Using AlienVault Unified Security Management
10 - USM runs in our datacenter and protects all of the users in our environment. We also use it as a platform to provide managed security services to all of our clients. Generally, the people involved with the system are our IT technical and security staff. This includes SOC operations and customer support.
3 - The type of people required to manage and support AlienVault Unified Security Management are typically highly skilled IT security individuals. This is necessary because of the type of data that is being dealt with in the system. The majority of IT administrators I've come across do not understand the data or it's impact on their networks. Getting certified on he USM platform is a worthwhile exercise in helping to understand the system, what it does, and how it works.
Evaluating AlienVault Unified Security Management and Competitors
Yes - We have evaluated many products including RandomStorm, Alert Logic, Clone Systems to name a few. Alienvault is the most comprehensive all-round product that allows us to service our clients in the most meaningful way. Alienvault has fuctionality and capabilities that most other product in the space do not, their development is professional and they list to their users and partners, and their support is first rate.
- Product Features
- Product Usability
- Product Reputation
- Prior Experience with the Product
The most important factor for us was the fact that the system is a combination of multiple tools that take care of different aspects of IT security which fit in very closely with the compliance requirements we help our clients with (specifically PCI).

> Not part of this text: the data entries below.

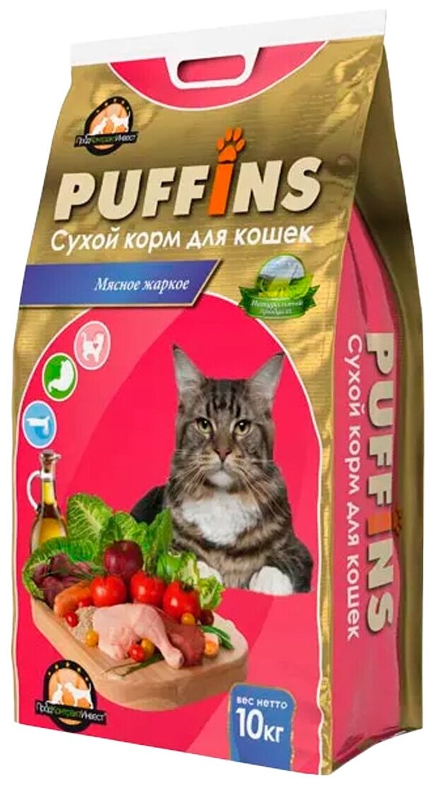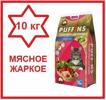 Купить PUFFINS Корм сухой для кошек Мясное жаркое, 10 кг
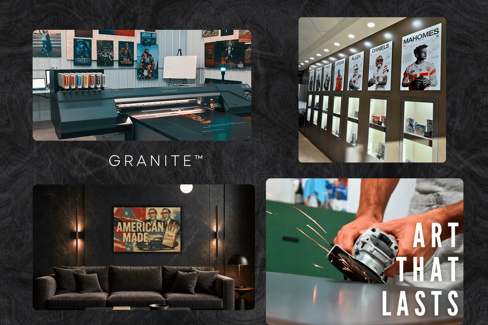 Granite Printing started with a few guys who shared a love for art, craftsmanship, and that feeling of pride when you hang something that just looks right. What began in a small South Dakota garage has grown into a USA-based print shop dedicated to creating high-end, custom artwork built to last.Every single piece we make is cut, sanded, and finished by hand — right here in our shop. We don’t outsource or take shortcuts. The metal we use is military-grade, precision-cut for clean edges, and sanded to perfection before your artwork ever touches the surface. From there, we apply fade-resistant UV printing to ensure your print looks as sharp decades from now as it does today.
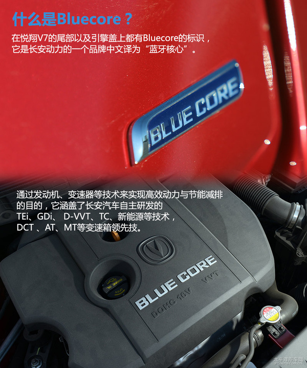 在悦翔V7的尾端及其发动机盖上常有Bluecore的标志,这是北京长安驱动力的一个知名品牌汉语译成“手机蓝牙关键”,目地是根据柴油发动机、变速箱等技术性来保持高效率驱动力与节能降耗的目地,它包含了长安汽车独立产品研发的TEi、GDi、 D-VVT、TC、新能源技术等技术性,DCT 、AT、MT等变速器领跑技,假如您关心过曰产的商品也会发觉相近的设计方案,很感兴趣的盆友能够 问一问百度知道里边详细介绍的许多 也很详尽,这里也不占有大伙儿宝贵时间了。
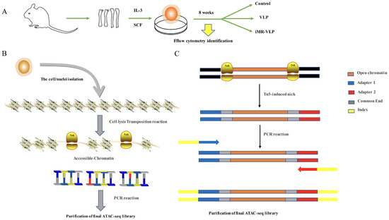 The cell viability of the BMMCs was identified, and ATAC-seq library preparations were carried out as previously reported [21]. The detailed schematic of the cell preparation and library construction is shown in Figure 1. Briefly, the BMMCs were washed with phosphate-buffered saline (PBS) after centrifugation, and then the cells were lysed using a cold lysis buffer and centrifuged again. The nuclei pellet was resuspended in the Tn5 transposase reaction mixture and incubated for 30 min at 37 °C. Subsequently, the DNA product was purified using a Qiagen MinElute Purification Kit (Shenzhen, China). Equimolar Adapter 1 and Adapter 2 were added after the transposition, and the genes were then amplified for the full library. After the PCR amplification, the libraries were purified with the AMPure beads, and the quality of the libraries was assessed with Qubit. The clustering of the index-coded samples was performed on a cBot Cluster Generation System with a TruSeq PE Cluster Kit v3-cBot-HS (Illumina, San Diego, CA, USA) according to the manufacturer’s instructions. The library preparations were then sequenced on an Illumina Hiseq platform, and 150 bp paired-end reads were generated. The ATAC-seq analysis was carried out at Novogene (Tianjin, China) with two biological replicates per group.

The fact that all of the tools incorporated in the system are managed from one central easy to use interface is a huge advantage.
I wouldn't change the process. We have evaluated a lot of products out there, and for us, the Alienvault USM is a great fit. One lesson we have learned though, is that it is definitely the right way to go to select a vendor that has a presence in your country. Dealing with a vendor that is in a time zone 7-10 hours away can pose serious challenges.
AlienVault Unified Security Management Implementation
Pre planning is crucial. We typically preconfigure all appliances before they are deployed to the client so that the only thing left to do is deploy the agents.
- Implemented in-house
- Professional services company
We (TrustNet) are the professional services company. We do the implementation and deployment for all of our clients.
Yes - Implementation is broken up into planning phase, pre-configuration, and deployment.
Change management was a small part of the implementation and was well-handled - There are certain aspects to the implementation that require change management, specifically installation of agents on network servers and workstations for log collection and FIM, and changes to syslog configuration on network devices such as firewalls and routers.
- Agent deployment. This has been greatly simplified in newer versions of the platform with the automatic deployment tool. However, if there are a large number of agents that need to be deployed, it is very time consuming as they can still only be done one-at-a-time. There is no ability to create a list of devices with their IP addresses that the system can use to automatically create and deploy the agents.
- Configuring WIDS can be complicated. The WIDS sensors are not standard or proprietary to AlienVault. We have found the hardware, and developed the imaged that gets deployed to it, to perform this functionality.